Analyze as two separate systems

Horse pushes on the ground ground pushes back:  1 force on the horse.

The horse pulls the buggy the buggy pulls back :   2nd force on the horse

Gravity pulls the horse down                                  3rd force

Horse pushes down on the the earth pushes up:     4th

For horizontal motion F3=-F4 sum is 0.

 

Buggy has the same forces 3,4 that will balance

Wheels (frictionless motion?  surface does allow for horizontal forces but the wheel eliminates frictional losses. Wheels on ice are useless. They don’t work because the smooth ice surface removes all horizontal surface forces. A wheel requires large horizontal surface forces but these forces are no longer able to retard the motion of the object so they may not be referred to as frictional forces. For uniform motion the part of the wheel that touches the surface comes to rest on the surface. For accelerated motion the wheel is at rest but pushing on the ground.
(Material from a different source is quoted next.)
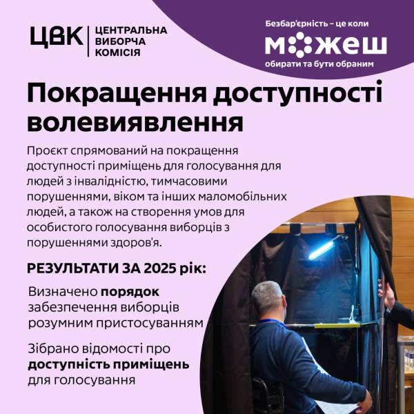 «Покращення доступності волевиявлення для людей з інвалідністю» – головний проєкт Центральної виборчої комісії, який робить виборчий процес зрозумілим, зручним і доступним для кожного громадянина. Його мета – забезпечити можливість особисто реалізувати право на голос незалежно від стану здоров’я чи віку.

Consider your foot as you take a step.  You push the ground back.  If you are running you are trying to touch the ground with a small relative speed.  If you don’t you slip or slide.)

 

when 1&2 balance and 3&4 balance No total force č constant motion

dealing with the cart and the horse separately we find that the horse pushes on the ground and the ground pushes on the horse.  The horse will then pull on the cart with the exact amount of force so that the buggy moves with the horse.  The buggy of course pulls back so that the total force on the horse is the ground force minus the buggy force and the total force on the buggy will be the force of the horse.  The other forces cancel.  If the buggy is very light then there is only a small force between the two.  If the buggy is very heavy (mass is the critical factor) then the forces will be large.